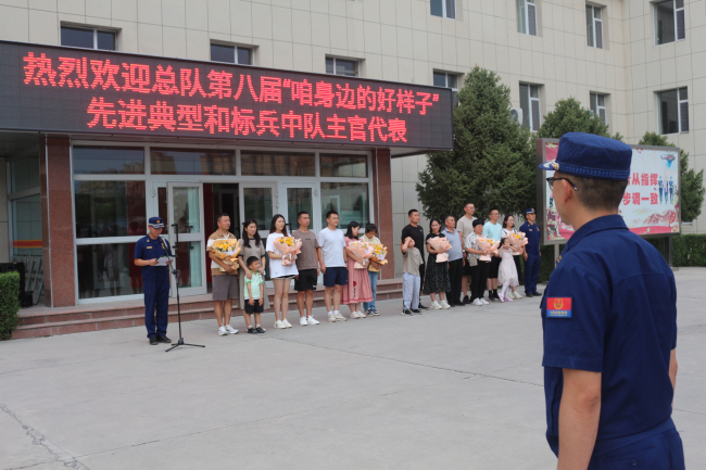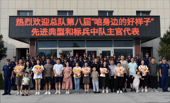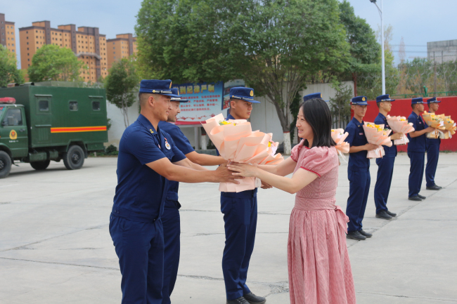 大队全体消防救援人员整齐列队“敲锣打鼓”,第一时间送上鲜花,以热烈的掌声、喜庆的锣鼓声迎接先进典型和标兵中队主官代表及家属的到来。
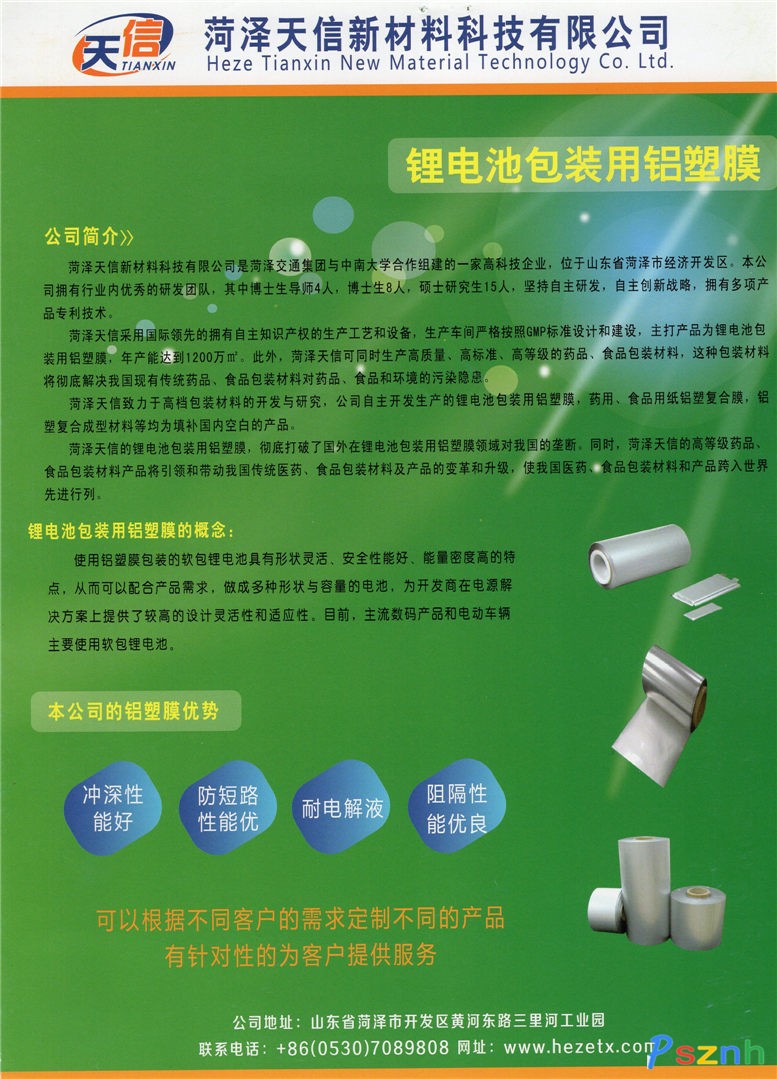 菏澤天信新材料科技有限公司_鋰電池包裝_藥品包裝_食品包裝_農(nóng)藥包裝點擊:765 查看原圖![]() ![]() ![]() 菏澤天信新材料科技有限公司
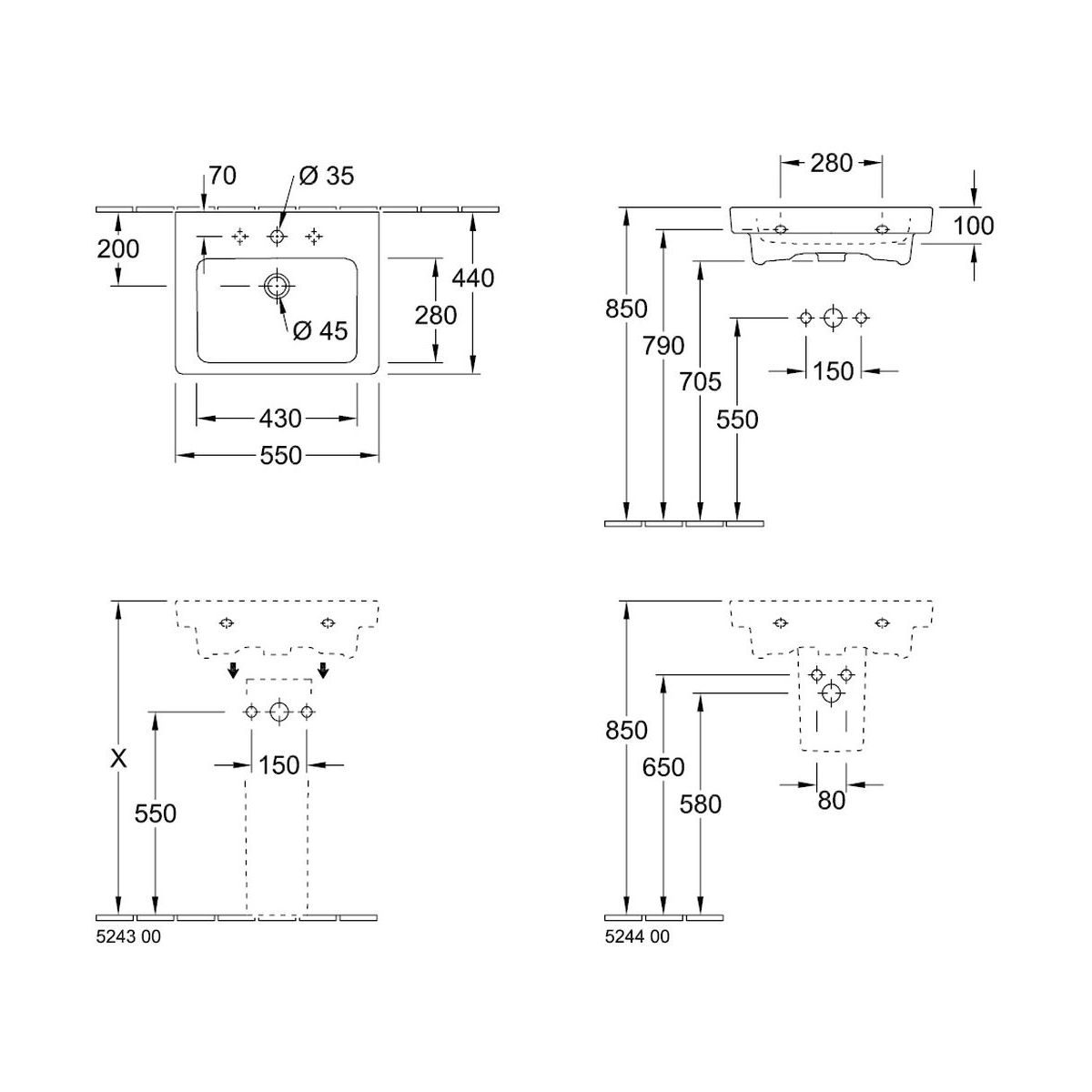 Villeroy & Boch Subway 2.0 Waschbecken 55x44 cm rechteckig Klassisch weiß 71135501

* **ACTIVITY**
The whole of the data above needs retyping exactly, with pictures omitted.

* **ANSWER FOR THE TASK**
 大队全体消防救援人员整齐列队“敲锣打鼓”,第一时间送上鲜花,以热烈的掌声、喜庆的锣鼓声迎接先进典型和标兵中队主官代表及家属的到来。
 菏澤天信新材料科技有限公司_鋰電池包裝_藥品包裝_食品包裝_農(nóng)藥包裝點擊:765 查看原圖![]() ![]() ![]() 菏澤天信新材料科技有限公司
 Villeroy & Boch Subway 2.0 Waschbecken 55x44 cm rechteckig Klassisch weiß 71135501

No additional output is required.